Section 1. Grounds — (a) For the injury and the resulting disability or death to
be compensable, the injury must be the result of an employment accident
satisfying all the following conditions:

(1) The employee must have been injured at the place where his work require
him to be;

(2) The employee must have been performing his official functions; and

(3) If the injury is sustained elsewhere, the employee must have been
executing an order of the employer.

The concept of a "work place" referred to cannot always be literally applied to a


soldier in active duty status, as if he were a machine operator or a worker in an
assembly line in a factory or a clerk in a particular fixed office.

A soldier must go where his company is stationed (Hinoguin v. ECC, 172 SCRA 350
[1990]). In the case at bar, Pfc. Nitura's station was at Basagan, Katipunan,
Zamboanga del Norte. But then his presence at the site of the accident was with the
permission of his superior officer having been directed to go to Barangay San Jose,
Dipolog City. In carrying out said directive, he had to pass by the hanging bridge
which connects the two places. As held in the Hinoguin case (supra.), a place where
soldiers have secured lawful permission to be at cannot be very different, legally
speaking, from a place where they are required to go by their commanding officer.

24 hr doctrine
 it has been held that a soldier on active duty status is really on a 24 hours a day
official duty status and is subject to military discipline and military law 24 hours a day.
He is subject to call and to the orders of his superior officers at all times, seven (7)
days a week, except, of course, when he is on vacation leave status.

Thus, a soldier should be presumed to be on official duty unless he is shown to have


clearly and unequivocally put aside that status or condition temporarily by going on an
approved vacation leave.

Even vacation leaves may, it must be remembered, be pre-terminated by superior


orders (Hinoguin v.
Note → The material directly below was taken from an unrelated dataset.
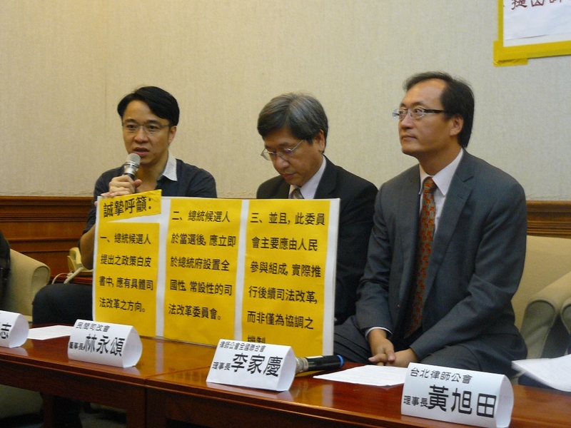律師公會全國聯合會理事長李家慶提到,1999年曾舉辦過3天的司法改革會議,而由當時的司法院長翁岳生帶起改革,但後來對會議結論的改革無法貫徹,加上16年來,今日面對的司法問題又更多了,呼籲2016總統候選人在政策白皮書中提出具體司改方向,並在當選後設置全國性、常設性司法改革委員會。

ECC, supra.). In the instant case, the deceased was neither on
vacation leave nor on an overnight pass when the incident occurred. In fact, he was
directed by his superior to check on several personnel of the command then attending
the dance party, as attested to by his Battalion Commander. Hence, since Pfc. Nitura
was not on vacation leave, he did not effectively cease performing "official functions."

In reguards to the intoxication

intoxication which does not incapacitate the employee from following his occupation is
not sufficient to defeat the recovery of compensation, although intoxication may be a
contributory cause to his injury. It must be shown that the intoxication was the
proximate cause of death or injury and the burden of proof lies on him who raises
drunkenness as a defense (Vda. de Yohanan v. Balena and WCC, 78 SCRA 348
[1977]). While it may be admitted that the deceased drank intoxicating liquor at the
dance party, respondents ECC and GSIS have not established that the state of
drunkenness of the deceased is the proximate cause of his death.

DISPOSITIVE PORTION:

PREMISES CONSIDERED, the petition is GRANTED, the decision of respondent


ECC dated May 24, 1989 is REVERSED and SET ASIDE and the petitioner and the
illegimate minor children of the deceased, namely Regina and Rogian, are
AWARDED the full benefits pursuant to the provisions of Presidential Decree No. 626,
as amended.

NOTES:

notorious negligence has been defined as something more than mere or simple
negligence or contributory negligence; it signifies a deliberate act of the employee to
disregard his own personal safety.

Disobedience to rules, orders, and/or prohibition does not in itself constitute notorious
negligence, if no intention can be attributed to the injured to end his life (Luzon
Stevedoring Corporation v. WCC, 105 SCRA 675 [1981] reiterating Paez v. WCC, 7
SCRA 588 [1963]).

As stressed by the petitioner, it was not shown that the deceased had any intention to
end his life. Crossing a hanging bridge may seem dangerous to an ordinary man but
the deceased was a soldier who had been trained and prepared for this kind of work.
As explained by his mother, petitioner herein, the deceased had seen the worse and
was not afraid or intimidated by the fact that he had to pass through a hanging bridge.